Worklog for raw wsgi album code.
Realized when half-awake this morning that the album-search cache was wrong at an entirely different level - reloading the album needs to invalidate all prior searches, where instead the code was just reloading the one that was in progress when we noticed the base album was stale. This is also the first hint that, at 900 lines of code, I already need bugtracking; given my offline working mode, I should probably look at SD - having a bug list that can be checked in with the code makes a lot of sense, especially if it still supports real management tools and isn't just a free form list.
Pushed the change out as 0.2a after testing. (Still needs to be made "pure functional with caching" to eliminate some other rarely-seen problems.

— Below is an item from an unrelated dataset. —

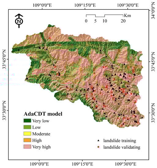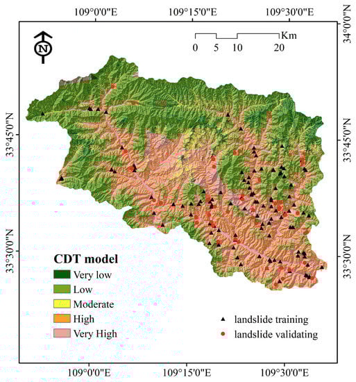 Assessing landslide susceptibility of a certain area is a complex task and remains challenging. The key to the assessment relies on the applied models and selected conditioning factors. In various publications, many researchers have tried to improve the performance of models for landslide susceptibility prediction, while the quality and prediction accuracy of these models are determined by the used methods. New machine-learning techniques have been proven to be capable and efficient in boosting prediction performance []. Therefore, the authors tried to combine the CDT model with two machine-learning ensemble frameworks (AdaBoost and random subspace) to create an LSM. According to current publications, this kind of investigation has not been performed in Zhashui County; hence, it was selected as a case study.
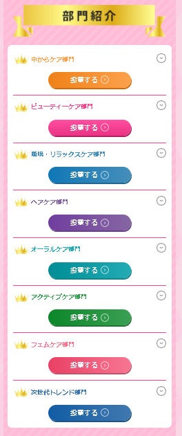 中からケア部門/ビューティーケア部門/睡眠・リラックスケア部門/ヘアケア部門/オーラルケア部門/アクティブケア部門/フェムケア部門/次世代トレンド部門

Also need to think about adding this album to nagaina monitoring...)
inchpebble 21: Took some pictures at a party, which triggered adding an external list of exported albums (conveniently mapping short names from urls to actual kphotoalbum keywords; eventually it'll map to full blown queries, but not soon.) That's enough to call this 0.2 and roll it out as the primary version, for the half dozen people who should see these pictures... did use one of the speculatively-written caching functions after all, though not on the code path I expected (the ad-hoc caching code that was hand-fixed earlier should use it, but doesn't yet.)
(This is 21, not 20, because the internal rewrite counts as an inchsomething... but I already used inchboulder, and it's bigger than that was.)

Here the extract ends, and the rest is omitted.